*** DATA SUPPLIED ***

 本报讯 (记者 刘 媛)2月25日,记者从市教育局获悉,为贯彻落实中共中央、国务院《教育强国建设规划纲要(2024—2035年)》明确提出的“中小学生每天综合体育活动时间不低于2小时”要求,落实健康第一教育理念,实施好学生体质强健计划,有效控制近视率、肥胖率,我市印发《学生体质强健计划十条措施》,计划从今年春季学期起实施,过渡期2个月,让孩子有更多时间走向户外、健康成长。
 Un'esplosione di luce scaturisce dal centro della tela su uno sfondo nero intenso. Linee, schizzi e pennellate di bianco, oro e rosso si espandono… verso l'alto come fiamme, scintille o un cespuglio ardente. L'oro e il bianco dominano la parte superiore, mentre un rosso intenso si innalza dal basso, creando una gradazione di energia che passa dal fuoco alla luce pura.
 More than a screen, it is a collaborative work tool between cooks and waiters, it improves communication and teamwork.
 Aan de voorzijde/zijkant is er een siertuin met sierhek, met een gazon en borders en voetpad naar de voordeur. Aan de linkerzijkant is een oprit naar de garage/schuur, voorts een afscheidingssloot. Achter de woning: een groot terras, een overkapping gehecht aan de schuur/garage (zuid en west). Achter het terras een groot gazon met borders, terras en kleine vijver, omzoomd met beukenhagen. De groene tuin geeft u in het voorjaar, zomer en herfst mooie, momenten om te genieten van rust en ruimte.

*** End of DATA SUPPLIED ***
*** DATA SUPPLIED ***

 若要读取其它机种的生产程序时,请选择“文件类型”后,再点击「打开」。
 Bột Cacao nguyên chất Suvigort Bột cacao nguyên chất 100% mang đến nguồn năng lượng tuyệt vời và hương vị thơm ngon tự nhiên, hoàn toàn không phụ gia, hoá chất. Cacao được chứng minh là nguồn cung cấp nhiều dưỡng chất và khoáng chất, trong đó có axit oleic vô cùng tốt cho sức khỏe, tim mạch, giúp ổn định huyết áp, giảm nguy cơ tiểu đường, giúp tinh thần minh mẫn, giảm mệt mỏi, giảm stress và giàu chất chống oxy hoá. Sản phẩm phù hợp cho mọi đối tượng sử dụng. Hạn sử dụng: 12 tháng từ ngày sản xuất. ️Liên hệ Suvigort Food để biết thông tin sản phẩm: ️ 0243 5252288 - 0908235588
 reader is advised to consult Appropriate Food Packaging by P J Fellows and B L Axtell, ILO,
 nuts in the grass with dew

*** End of DATA SUPPLIED ***
*** DATA SUPPLIED ***

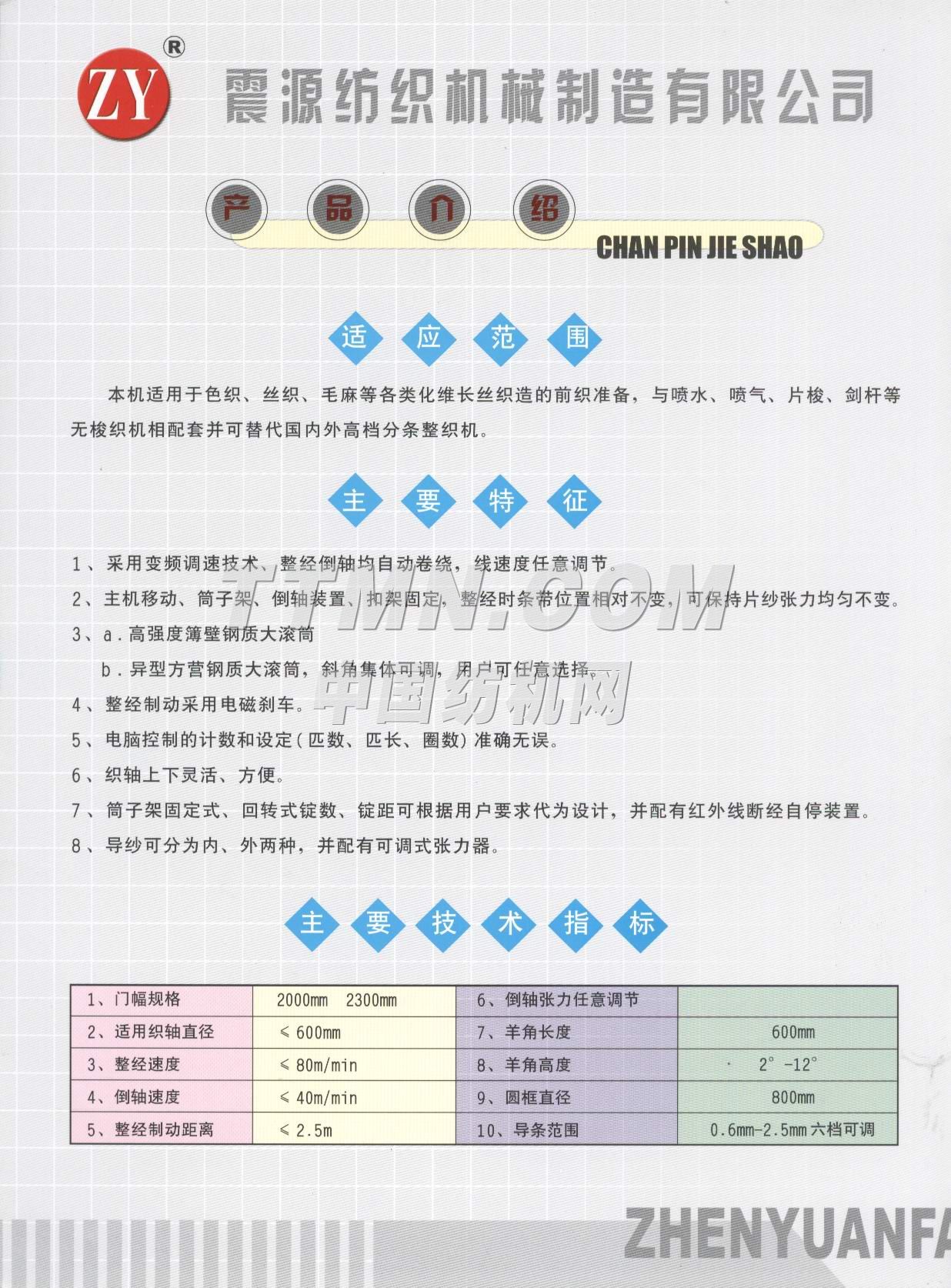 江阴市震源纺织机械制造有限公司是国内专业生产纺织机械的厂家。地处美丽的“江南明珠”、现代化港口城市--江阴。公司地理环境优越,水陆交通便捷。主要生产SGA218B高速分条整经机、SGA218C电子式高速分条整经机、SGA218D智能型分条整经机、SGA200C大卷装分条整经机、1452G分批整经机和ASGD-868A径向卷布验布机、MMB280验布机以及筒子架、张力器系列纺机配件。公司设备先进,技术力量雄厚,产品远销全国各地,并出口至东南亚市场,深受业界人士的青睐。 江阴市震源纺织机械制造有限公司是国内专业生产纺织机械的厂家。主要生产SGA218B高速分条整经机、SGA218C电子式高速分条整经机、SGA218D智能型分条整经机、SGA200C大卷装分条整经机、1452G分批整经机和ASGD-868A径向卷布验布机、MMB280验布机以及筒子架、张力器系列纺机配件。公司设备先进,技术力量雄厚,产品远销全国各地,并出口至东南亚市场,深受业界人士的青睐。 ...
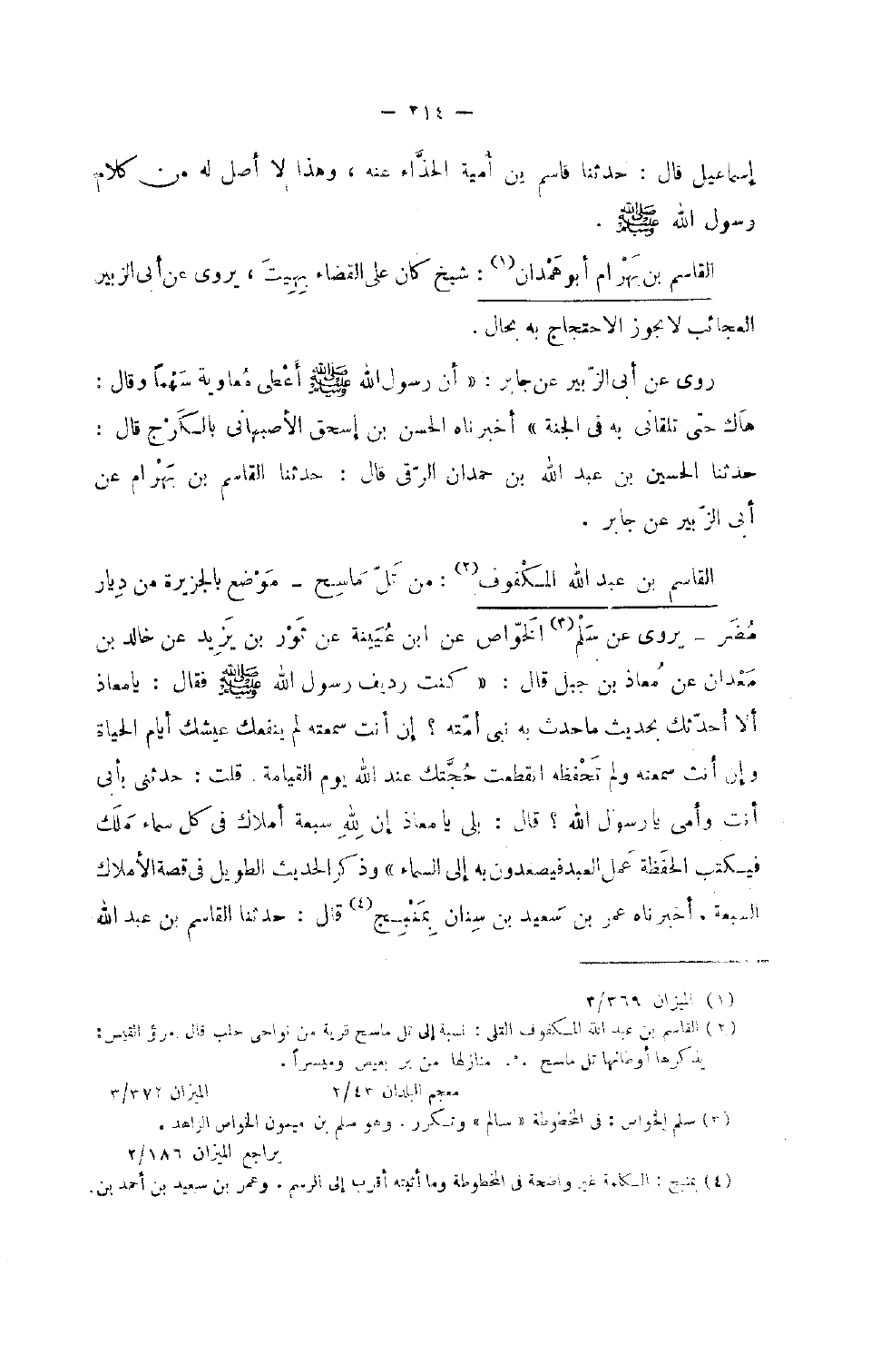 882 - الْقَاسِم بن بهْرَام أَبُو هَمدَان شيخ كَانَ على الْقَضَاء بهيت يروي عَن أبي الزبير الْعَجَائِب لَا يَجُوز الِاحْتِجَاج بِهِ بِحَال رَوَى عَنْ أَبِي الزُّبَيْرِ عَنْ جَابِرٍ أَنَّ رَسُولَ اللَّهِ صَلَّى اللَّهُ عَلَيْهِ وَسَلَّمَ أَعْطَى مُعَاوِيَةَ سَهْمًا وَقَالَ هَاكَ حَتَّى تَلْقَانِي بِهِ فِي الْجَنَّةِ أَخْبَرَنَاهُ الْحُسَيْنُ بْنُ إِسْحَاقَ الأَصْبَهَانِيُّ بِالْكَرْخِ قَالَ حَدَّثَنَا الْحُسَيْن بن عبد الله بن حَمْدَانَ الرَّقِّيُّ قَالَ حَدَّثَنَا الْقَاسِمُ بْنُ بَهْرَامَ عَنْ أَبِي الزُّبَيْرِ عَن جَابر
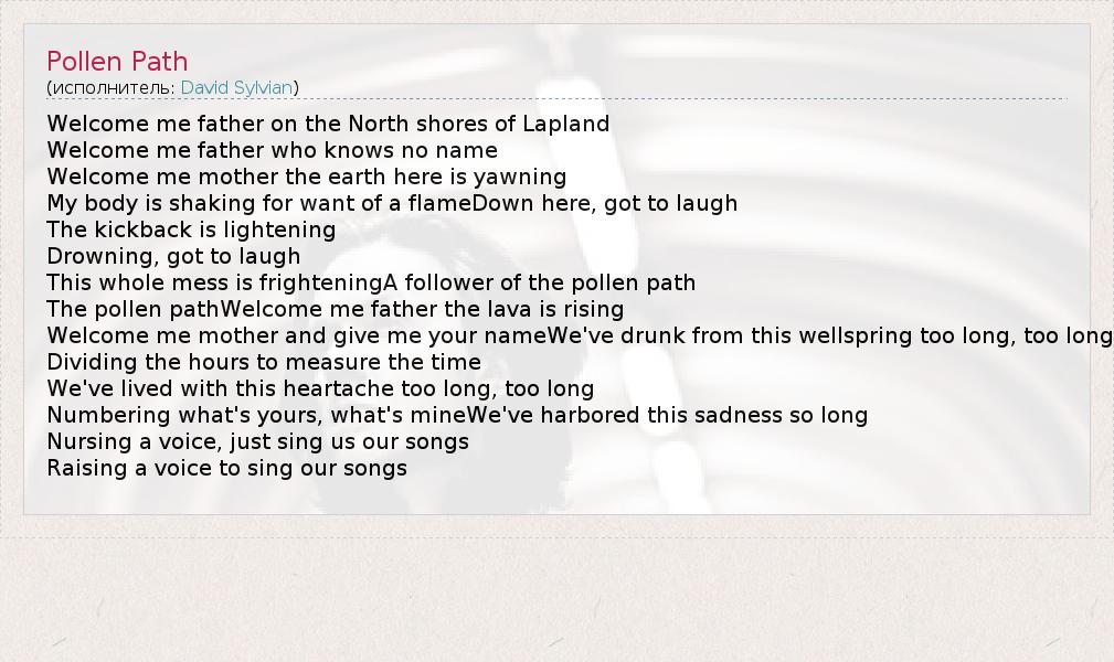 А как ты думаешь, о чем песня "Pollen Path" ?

*** End of DATA SUPPLIED ***

* TASK DESCRIPTION *
Go to the line above holding "882 - الْقَاسِم", then copy exactly each line down to and including the one holding "А как ты думаешь, о", leaving pictures out.

* TASK SOLUTION *
 882 - الْقَاسِم بن بهْرَام أَبُو هَمدَان شيخ كَانَ على الْقَضَاء بهيت يروي عَن أبي الزبير الْعَجَائِب لَا يَجُوز الِاحْتِجَاج بِهِ بِحَال رَوَى عَنْ أَبِي الزُّبَيْرِ عَنْ جَابِرٍ أَنَّ رَسُولَ اللَّهِ صَلَّى اللَّهُ عَلَيْهِ وَسَلَّمَ أَعْطَى مُعَاوِيَةَ سَهْمًا وَقَالَ هَاكَ حَتَّى تَلْقَانِي بِهِ فِي الْجَنَّةِ أَخْبَرَنَاهُ الْحُسَيْنُ بْنُ إِسْحَاقَ الأَصْبَهَانِيُّ بِالْكَرْخِ قَالَ حَدَّثَنَا الْحُسَيْن بن عبد الله بن حَمْدَانَ الرَّقِّيُّ قَالَ حَدَّثَنَا الْقَاسِمُ بْنُ بَهْرَامَ عَنْ أَبِي الزُّبَيْرِ عَن جَابر
 А как ты думаешь, о чем песня "Pollen Path" ?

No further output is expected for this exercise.